In 1966-67 Garrett and J J Cale co-produced A trip down the Sunset Strip, attributed to the Leathercoated Minds, a compilation of psychedelic covers together with four instrumentals of Cale’s own composition.

Many of Garrett’s hit singles came from songs by the Brill Building songwriters in New York City. One of his assistants was future recording star Leon Russell. Garrett was invited early on to produce The Monkees, but a test session did not go well, with the Monkees preferring to work with Boyce and Hart, writers of “Last Train to Clarksville” and the Monkees’s theme song.

Garrett worked regularly with The Johnny Mann Singers and The Ron Hicklin Singers on many projects, and was responsible for the new sound of The Ray Conniff Singers in the early 1970s (which employed the Hicklin Singers), producing two albums with Conniff.

In 1976, Garrett set up a sublabel of Casablanca Records called Casablanca West. The label released just one album and two singles before folding. In 1978, Garrett produced the country-oriented soundtrack of Clint Eastwood’s Every Which Way but Loose, which appeared on Garrett’s latter-day label, Viva Records.
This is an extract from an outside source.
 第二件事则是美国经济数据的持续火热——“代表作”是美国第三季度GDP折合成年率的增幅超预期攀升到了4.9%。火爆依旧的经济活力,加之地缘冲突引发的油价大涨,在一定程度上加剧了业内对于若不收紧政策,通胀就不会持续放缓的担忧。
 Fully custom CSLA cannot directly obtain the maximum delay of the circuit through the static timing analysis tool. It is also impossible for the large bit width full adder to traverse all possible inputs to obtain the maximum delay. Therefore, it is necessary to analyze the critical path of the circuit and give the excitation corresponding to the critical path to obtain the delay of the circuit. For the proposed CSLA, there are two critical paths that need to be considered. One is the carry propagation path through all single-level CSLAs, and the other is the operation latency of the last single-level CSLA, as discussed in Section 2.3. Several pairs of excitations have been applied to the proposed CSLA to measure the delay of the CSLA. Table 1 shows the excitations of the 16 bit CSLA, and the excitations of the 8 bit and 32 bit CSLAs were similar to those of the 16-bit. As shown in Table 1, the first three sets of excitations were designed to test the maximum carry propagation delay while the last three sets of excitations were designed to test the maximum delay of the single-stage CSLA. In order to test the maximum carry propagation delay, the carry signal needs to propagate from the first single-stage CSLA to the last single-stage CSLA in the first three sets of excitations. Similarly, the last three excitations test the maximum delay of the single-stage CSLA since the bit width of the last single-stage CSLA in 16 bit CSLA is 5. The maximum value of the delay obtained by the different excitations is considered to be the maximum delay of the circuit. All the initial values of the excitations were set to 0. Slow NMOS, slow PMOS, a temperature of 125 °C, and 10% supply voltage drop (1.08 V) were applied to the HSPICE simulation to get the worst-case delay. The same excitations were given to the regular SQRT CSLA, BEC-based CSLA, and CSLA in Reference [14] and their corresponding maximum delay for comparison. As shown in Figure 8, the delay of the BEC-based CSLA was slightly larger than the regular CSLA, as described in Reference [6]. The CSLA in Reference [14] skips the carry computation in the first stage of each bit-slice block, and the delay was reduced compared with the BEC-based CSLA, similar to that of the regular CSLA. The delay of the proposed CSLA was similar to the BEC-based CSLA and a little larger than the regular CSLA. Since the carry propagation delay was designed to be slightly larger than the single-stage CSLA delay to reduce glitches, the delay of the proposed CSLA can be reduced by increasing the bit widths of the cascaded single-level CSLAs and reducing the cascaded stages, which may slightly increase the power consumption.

In 1976, when home video was in its infancy, Garrett bought cassette rights to the old RKO and Republic films for what United Press International termed “a pittance.”

By 1980, the 800-title library of his company The Nostalgia Merchant was earning $2.3 million a year. “Nobody wanted cassettes four years ago,” Garrett told UPI. “It wasn’t the first time people called me crazy. It was a hobby with me which became big business.”

Garrett retired to his ranch in Arizona during the 1980s. Among his other interests are American Western art, and he shares his collection with the public through prints.